Segment Start: Collected data

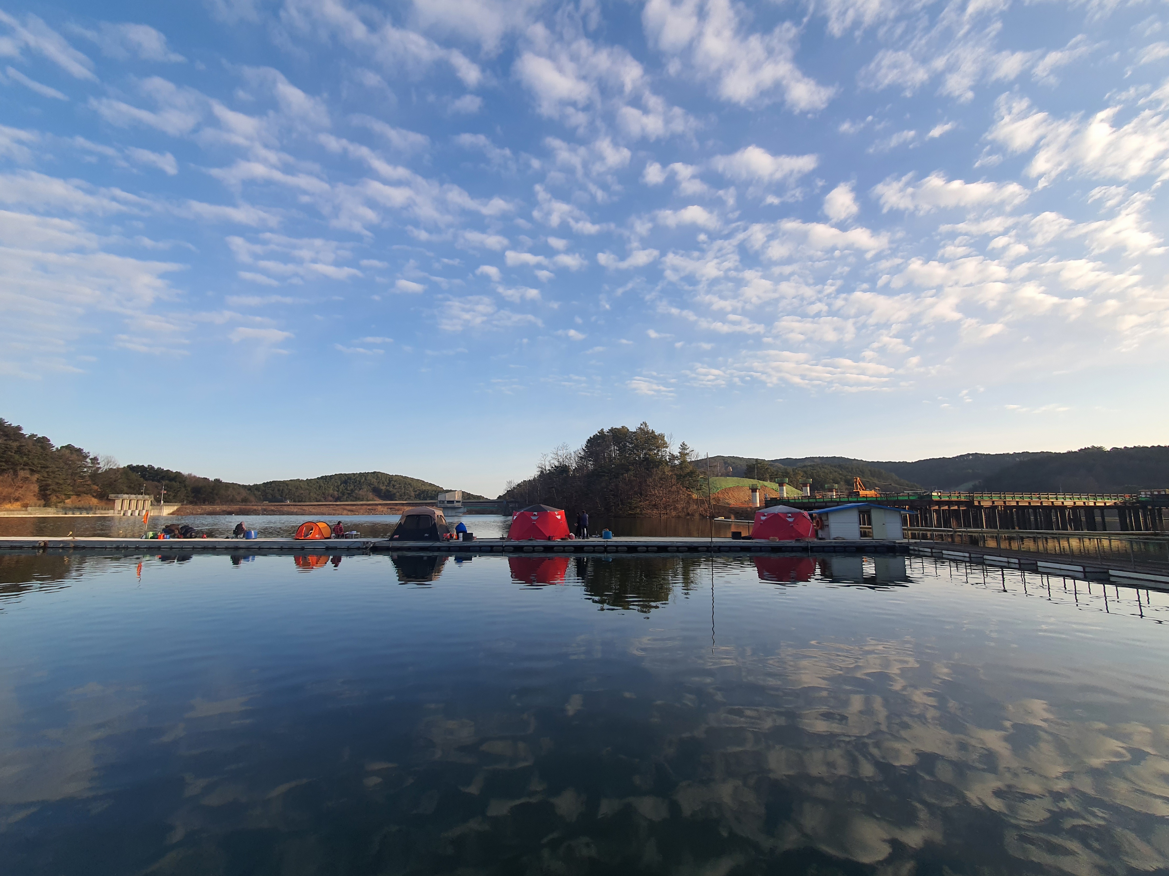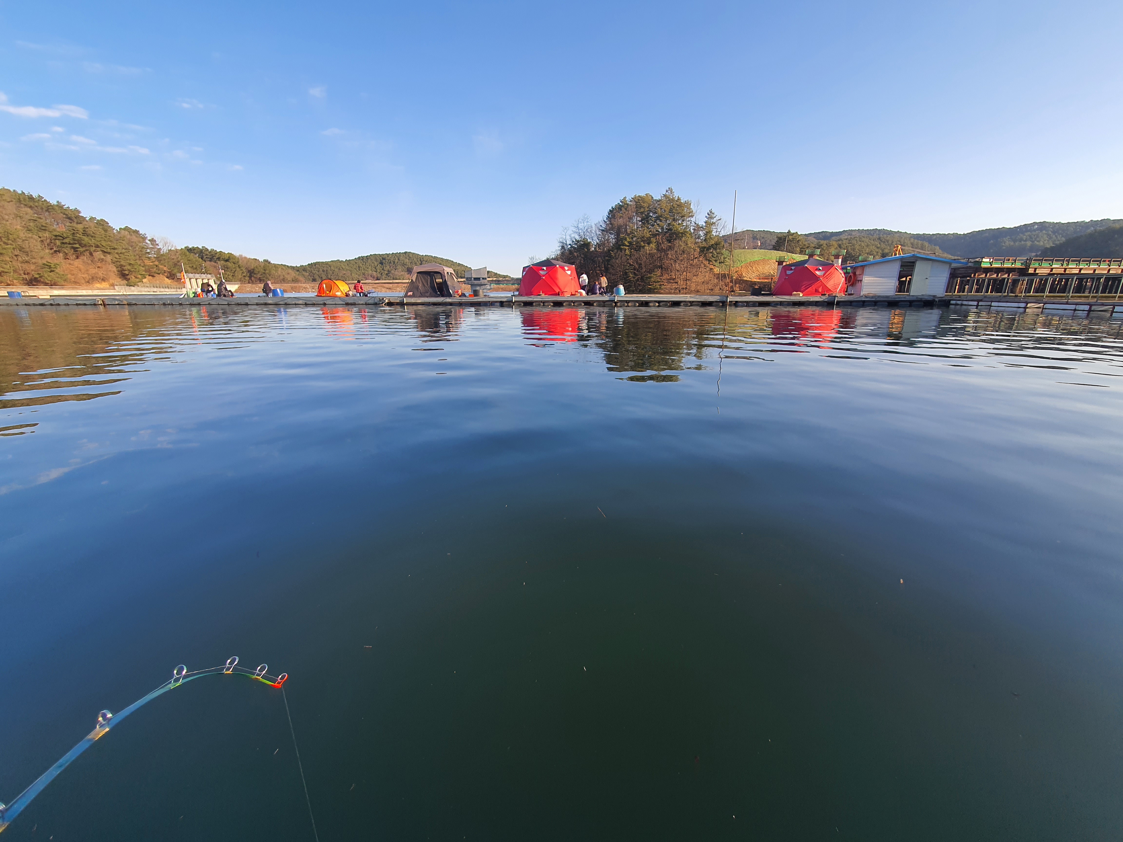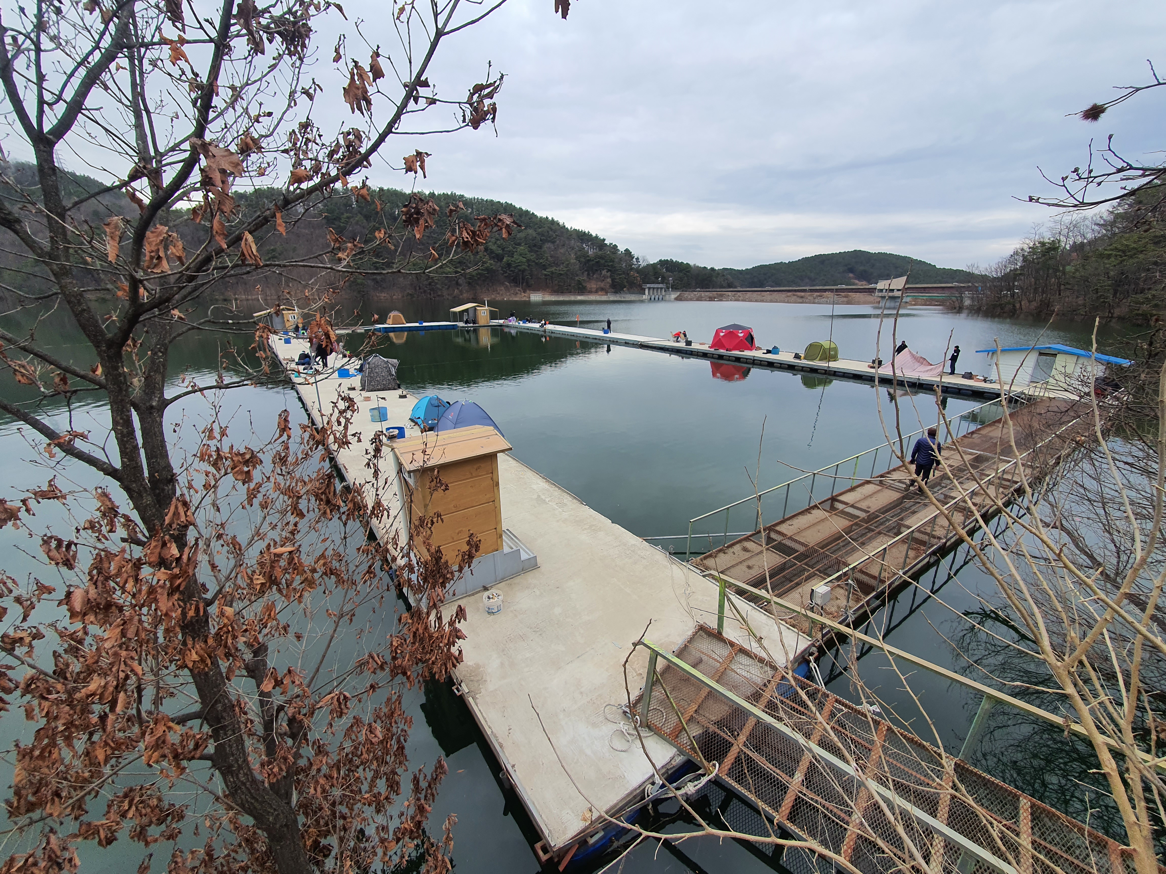 바람은 거의 없는 예보라 텐트를 안 가져가려다 그래도 편안하게 하기위해 챙겼는데, 흐린날씨로 영상이지만 쌀쌀한 날씨로 잘 챙겨갔네요. 언제나 그렇듯 마둔낚시터 잔교 계단 내려가자마자 앞쪽 포인트에 자리를 잡았습니다.
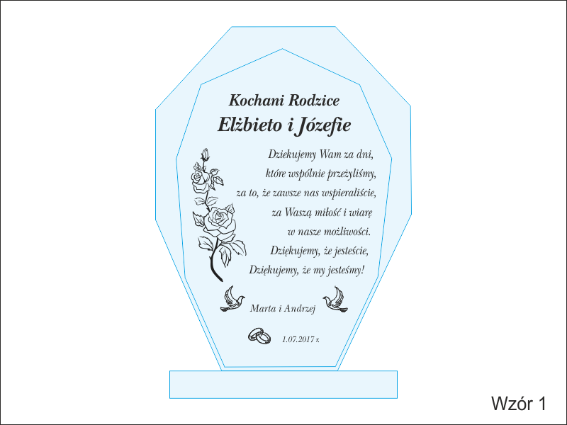 Istnieje możliwość graweru dedykacji wg indywidualnych ustaleń i projektu lub wg jednego ze wzorów.
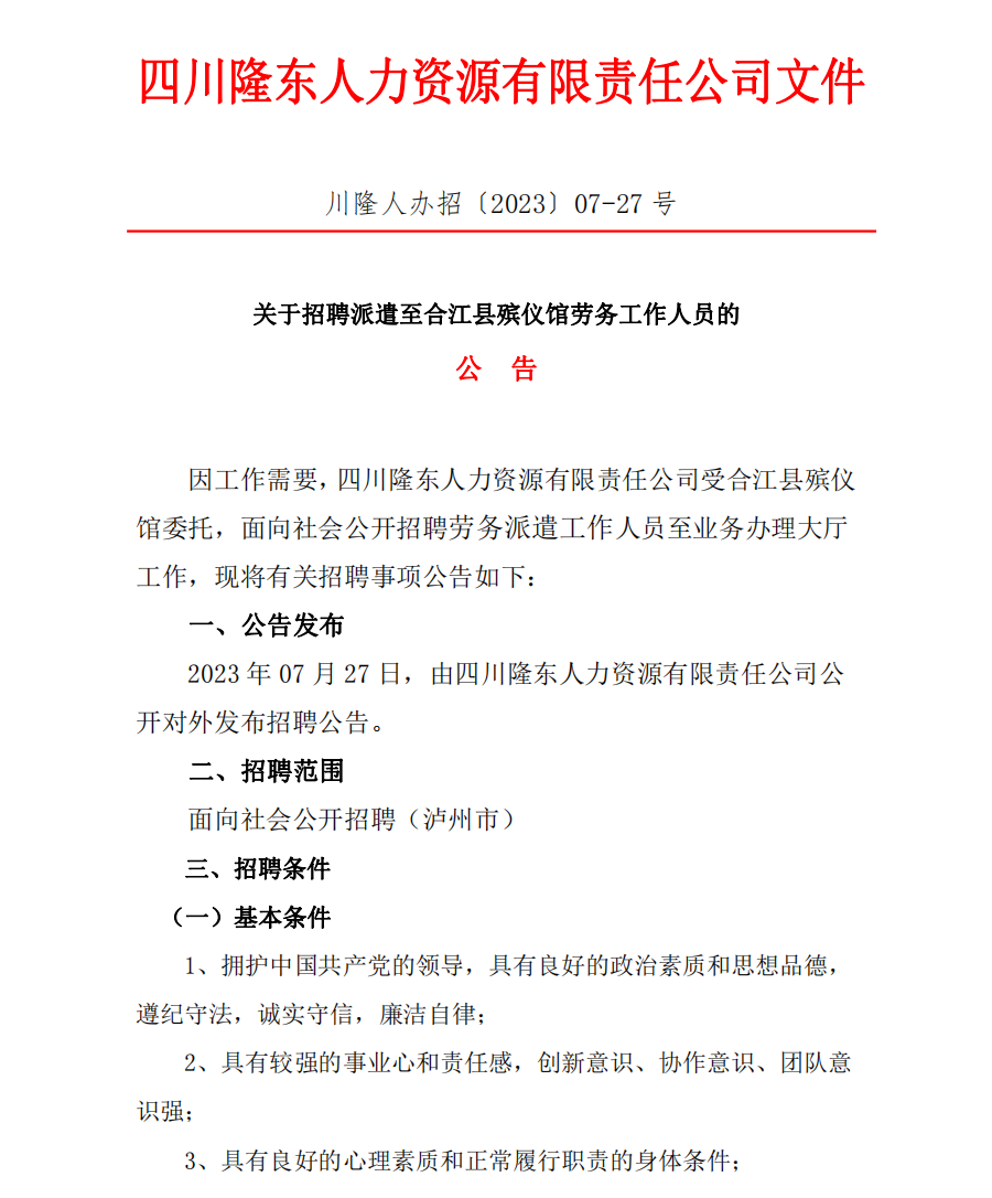 四川隆東人力資源有限責(zé)任公司文件 川隆人辦招〔2023〕09-24號(hào)關(guān)于招聘派遣至瀘州白酒產(chǎn)業(yè)園區(qū)綜合服務(wù)中心勞務(wù)工作人員的 公 告 因工作需要,四川隆東人力資源有限責(zé)任公司受瀘州白酒產(chǎn)業(yè)園區(qū)綜合服務(wù)中心委托,面向社會(huì)公開(kāi)招聘勞務(wù)派遣工作人員,至瀘州白酒產(chǎn)業(yè)園區(qū)綜合服務(wù)中心工作,現(xiàn)將有關(guān)招聘事項(xiàng)公...

Segment End: Collected data

## Exercise brief:
A word-for-word copy of the material is required; pictures stay out of it.

## Exercise response:
 바람은 거의 없는 예보라 텐트를 안 가져가려다 그래도 편안하게 하기위해 챙겼는데, 흐린날씨로 영상이지만 쌀쌀한 날씨로 잘 챙겨갔네요. 언제나 그렇듯 마둔낚시터 잔교 계단 내려가자마자 앞쪽 포인트에 자리를 잡았습니다.
 Istnieje możliwość graweru dedykacji wg indywidualnych ustaleń i projektu lub wg jednego ze wzorów.
 四川隆東人力資源有限責(zé)任公司文件 川隆人辦招〔2023〕09-24號(hào)關(guān)于招聘派遣至瀘州白酒產(chǎn)業(yè)園區(qū)綜合服務(wù)中心勞務(wù)工作人員的 公 告 因工作需要,四川隆東人力資源有限責(zé)任公司受瀘州白酒產(chǎn)業(yè)園區(qū)綜合服務(wù)中心委托,面向社會(huì)公開(kāi)招聘勞務(wù)派遣工作人員,至瀘州白酒產(chǎn)業(yè)園區(qū)綜合服務(wù)中心工作,現(xiàn)將有關(guān)招聘事項(xiàng)公...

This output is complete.